## [Data for review]

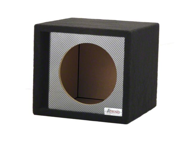 Description. 10" Single Vented Subwoofer Enclosure. Carbon Fiber Painted Finish. Ultra plush black carpeting. Silver spring loaded terminal cups. 3/4" MDF construction. Completely Miter and Dado panel. Total box volume: 1.75 cubic feet. Dimensions: 14"D x 16"W x 18-1/4"H.
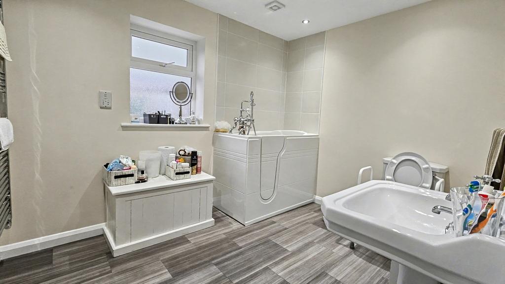 BATHROOM with laminate flooring, window, heated towel rail, extractor fan, white suite with panelled bath and shower fittings over, WC, and washbasin with splashback and mirror over. Shaver point and ceiling down lighters.
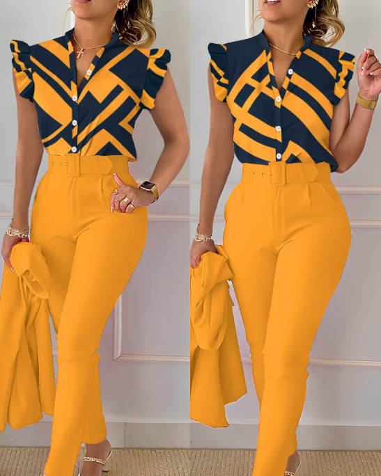 새로운 2024 Amazon 독립 스테이션 패션 캐주얼 프릴 슬리브 조끼 여성용 투피스 슈트스토어 가기
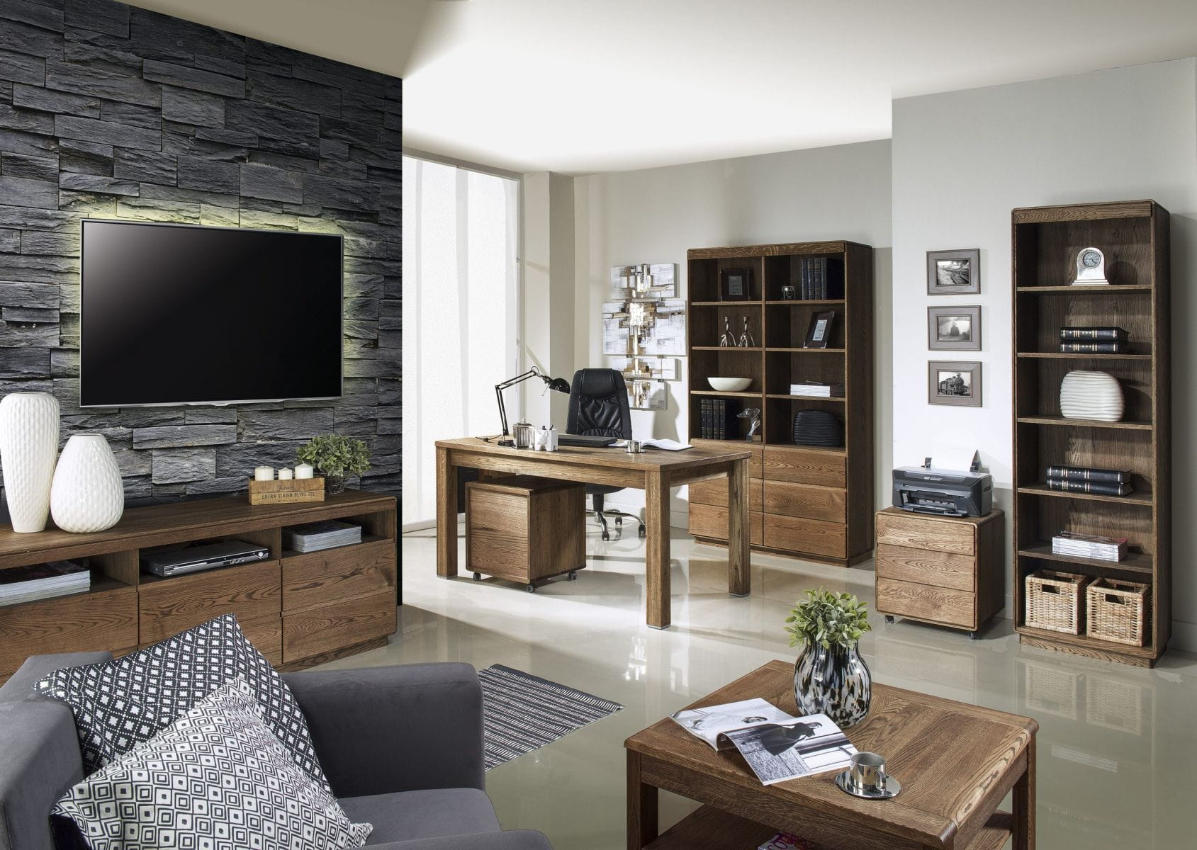 Przy urządzaniu salonu należy wziąć pod uwagę zarówno walory estetyczne jak i praktyczne aspekty takie jak funkcjonalność mebla. Na tych i kilku innych ważnych warunkach opierają się nasze decyzje. Warto zauważyć, że właśnie takie warunki jak trwałość, solidność i funkcjonalność spełniają dębowe meble do salonu i jadalni z kolekcji Altea. Wykorzystany do ich produkcji materiał, jakim jest drewno dębowe i elementy płyty meblowej fornirowanej oraz klasyczna forma sprawią, że pomieszczenie, w którym ustawiony zostanie kredens, komoda, witryna, szafka TV, ława, półka czy lustro wyda się elegancki i szykowny. Delikatnie szczotkowana struktura niepowtarzalnego drewna i gustowne olejowanie w kolorze palonego dębu nadają meblom estetycznego wyglądu. Do tego delikatne zaokrąglenia na rogach i subtelne oświetlenie półek wprowadzą odpowiedni klimat do twojego domu.
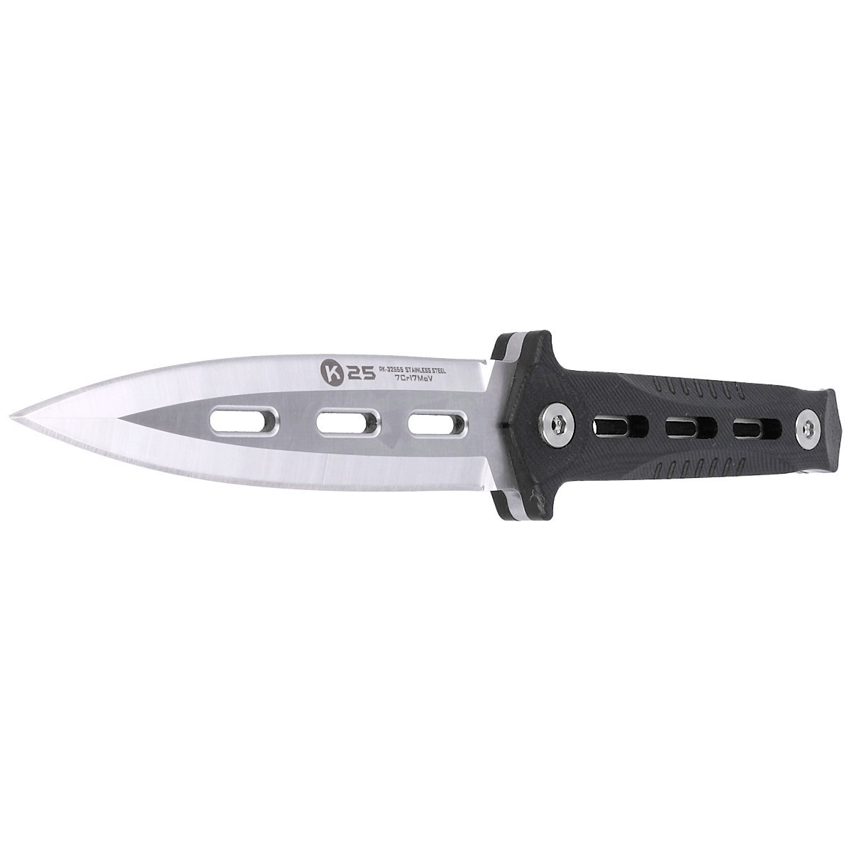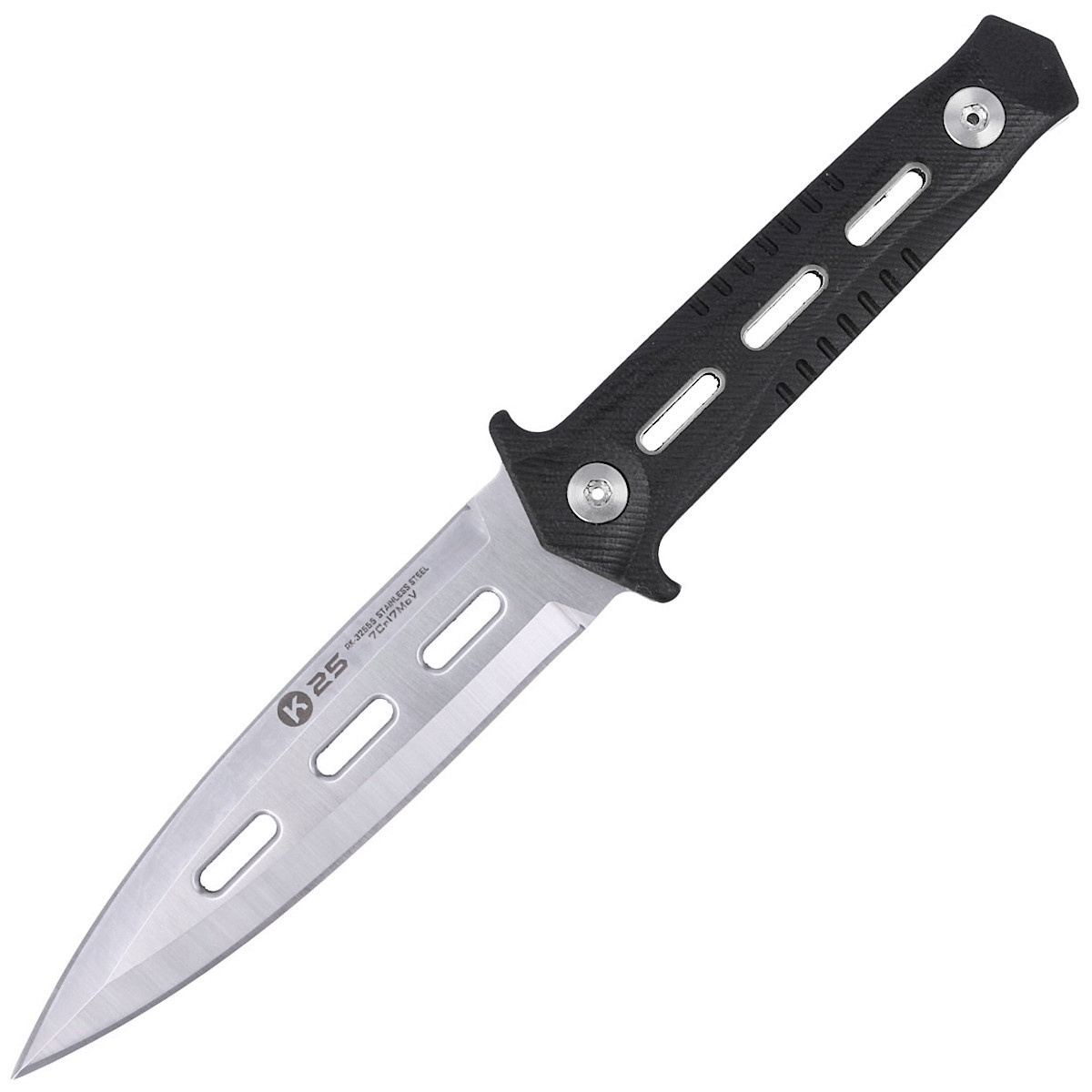 - Boot Knife Black G10, Satin - a full-size tactical dagger knife from K25 with a 7Cr17MoV steel blade with satin finish and a durable G10 composite handle. Equipped with a Quick Release sheath.

## [Work instructions]
The line containing "BATHROOM with laminate" marks the end: copy exactly every line from the start of the records up to and including it, leaving out the pictures.

## [The answer]
 Description. 10" Single Vented Subwoofer Enclosure. Carbon Fiber Painted Finish. Ultra plush black carpeting. Silver spring loaded terminal cups. 3/4" MDF construction. Completely Miter and Dado panel. Total box volume: 1.75 cubic feet. Dimensions: 14"D x 16"W x 18-1/4"H.
 BATHROOM with laminate flooring, window, heated towel rail, extractor fan, white suite with panelled bath and shower fittings over, WC, and washbasin with splashback and mirror over. Shaver point and ceiling down lighters.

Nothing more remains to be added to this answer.